Born in OH; married Martin Jacobs (a physician), 1985; children: four sons. Education: Oberlin College, graduated; University of Cincinnati, M.D.

ADDRESSES:

Home—Dayton, OH. E-mail—[email protected].

CAREER:

Physician in private practice, c. 1986-2001; freelance author, 2001—; volunteer medical director at a clinic.

WRITINGS:

Best Friends (novel), Riverhead Books (New York, NY), 2001.

The Office of Desire (novel), Riverhead Books (New York, NY), 2007.

Contributor to the Dayton Jewish Observer under name Martha Moody Jacobs; contributor of stories to periodicals.

SIDELIGHTS:

Martha Moody is a physician who was in private practice for fifteen years before retiring from her professional life to write and care for her family. Moody had an interest in poetry as a college student, but after visiting South America with a Spanish professor and witnessing the poor health of the people there, she decided on health care as a career. Her plan was to enter nursing, but upon graduating college she decided to become a doctor. Although she became a full-time writer with the publication of her first novel, Best Friends, Moody volunteers as medical director at a clinic for the working poor.

On her Web site Moody writes that after returning from the South American trip: "I read Mario Vargas Llosa's Conversation in the Cathedral, a big, intricately plotted novel with a wide range of characters and subplots. Reading that book felt like walking through a large building and noticing everything visible—the floors, the rooms, the paint job—and, at the same time, sensing all the unseen things—the wiring and the plumbing and the supports—that had gone into the edifice. I thought: I understand this. I don't think I've ever been so excited about something I read. That novel inspired me to try and write fiction."

Moody's first novel, Best Friends, is a story of two friends who meet at Oberlin College, Moody's alma mater. Narrator Clare Ann Mann comes from a middle-class Ohio family, and Sally Rose is the daughter of a Los Angeles magazine magnate. Not typically, it is Clare who wants to protest and challenge the system, while Sally has led a relatively protected life. Clare and Sally remain lifelong friends, first in college as roommates, then as each pursues a career—Clare in medicine and Sally in law. Both women idolize their fathers, but they discover that neither is perfect. Clare's father is an embezzler, and Sally's father, Sid, produces pornography. As the story progresses, Sid begins a descent into Alzheimer's, and Ben, Sally's brother, turns to drugs. The friends stick together through everything, sharing the good and bad of their families and marriages. Redbook reviewer Lisa Pilnik wrote: "You'll definitely see elements of yourself and your girlfriends in this terrific novel." A Publishers Weekly contributor remarked that the story "never loses its edge, at once compassionate and humorous, nor its moving conviction that a strong friendship between women can be one of life's most powerful relationships."

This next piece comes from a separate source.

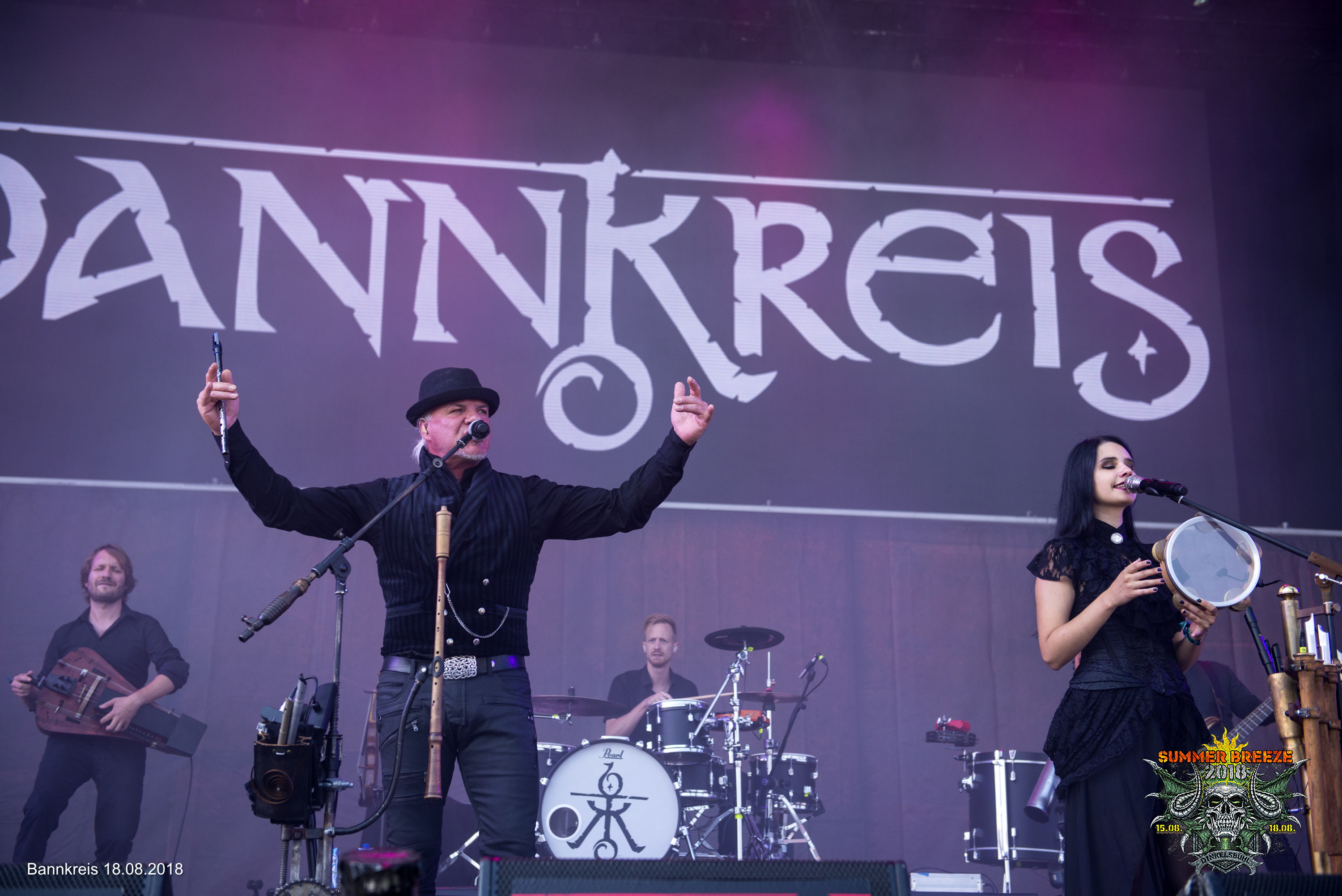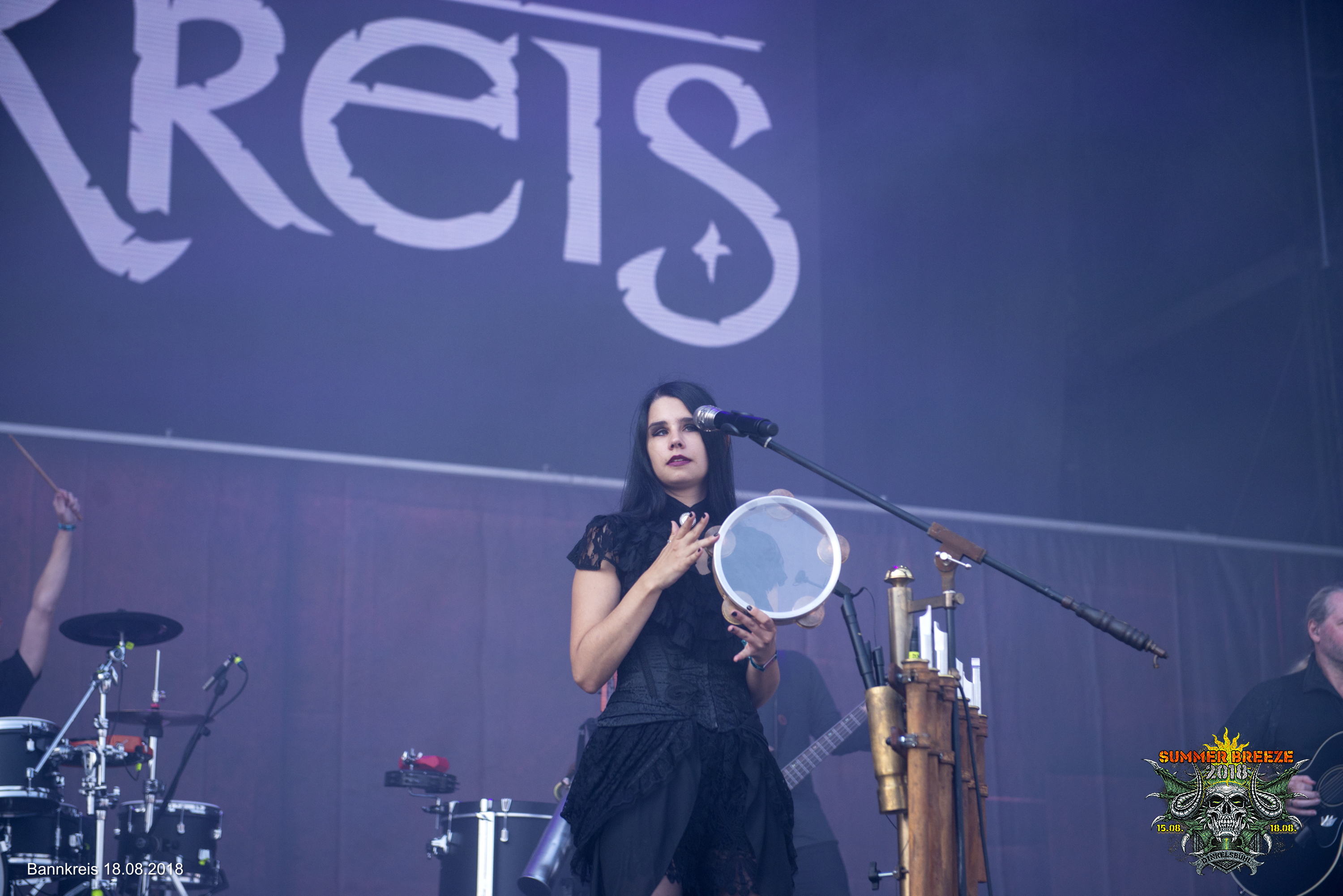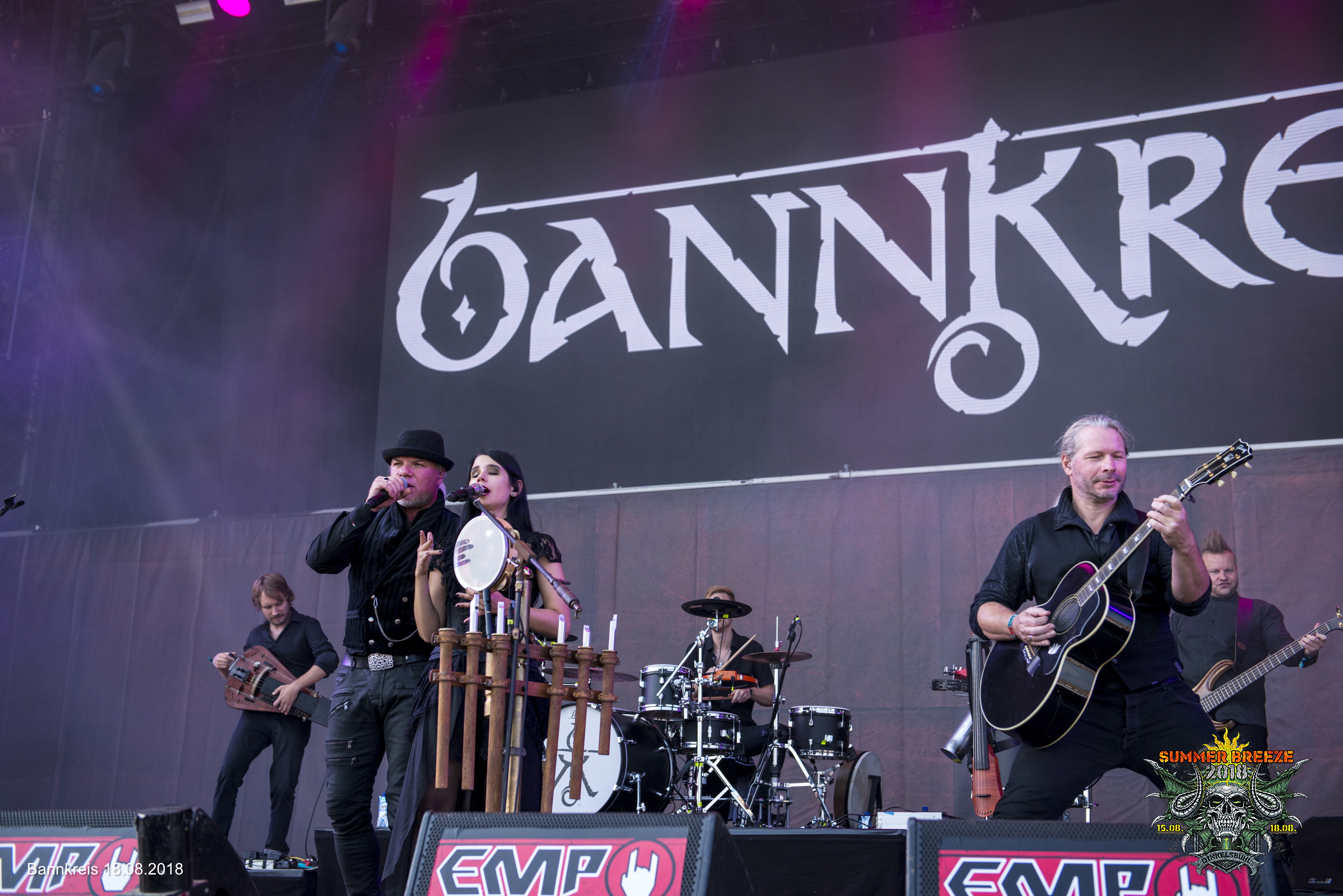 Dass sich ein Großteil der BANNKREIS-Belegschaft aus Musikern von Subway To Sally rekrutierte, war dem Sound des Septetts überdeutlich anzuhören. Die Band klang stark nach den Alben der Potsdamer gegen Ende der Neunziger (wie eben dem namensgebenden „Bannkreis“), wobei insbesondere der Gesang von Frontlady Johanna Krins dem gutlaunigen Folk Rock eine frische Prise Poppigkeit verlieh. Da die selbstbewusste junge Frau aufgrund einer angeborenen Netzhauterkrankung nahezu blind ist, konnte sie zwar die vielen begeisterten Gesichter im Publikum nicht sehen, der laute Jubel aus tausenden von Kehlen zauberte aber auch ihr ein ums andere Mal ein Lächeln aufs Gesicht. Da sage noch einer, der gemeine Metal-Fan würde nicht über eine romantische Ader verfügen oder sich dieser gar schämen! Mit dem „Totenbaum“ (einer famos eingedeutschten Version des von Jennifer Lawrence in der „Tribute von Panem“-Filmreihe gesungenen „The Hanging Tree“) und „Sweet Dreams“ umfasste die Setlist auch zwei Cover-Versionen, während „Doch ich weiß es“ ursprünglich als Kollaboration mit den schunkeligen Seebären Santiano entstand. Und weil sich BANNKREIS so zügig durch ihr Set gespielt hatten, blieb nach dem „Lebewohl“ und einer gemeinschaftlichen Verbeugung vor den Zuschauern noch Zeit für eine quasi-Zugabe in Form des Titelstücks ihres Debütalbums „Sakrament“.

Moody followed Best Friends with The Office of Desire, which is about the staff of an internal medicine practice. Hap Markowitz and William Strub are supported by Caroline, the receptionist, who, with Hap, acts as narrator. She has lost a leg to cancer, but her prosthetic leg does not detract from her warm character, and she attracts a number of lovers. Alice is the nurse and mother of teenager Jesse, and Brice is the gay manager who lives with his mother. When William divorces, he begins a relationship with Alice, which disrupts the harmony of the office. Caroline sympathetically engages in sex with the shy Brice, even though she knows he prefers men. William and Alice marry, but they are not happy, and he turns first to Internet pornography, then to religion. Alice also becomes a zealot, and the couple begin to sell Christian vitamins in the office. Hap is so distracted by his wife's hepatitis C that he does not even object. Jesse tells his fundamentalist parents that he is gay, and Caroline notices Brice's obsession with the boy. Kristine Huntley wrote in Booklist that The Office of Desire "perfectly captures the nuances of a small group of people working closely together in an insular environment." A Kirkus Reviews contributor concluded that it is a "provocative, intensely moving novel of ideas and opposing philosophies presented by deeply flawed, deeply human characters."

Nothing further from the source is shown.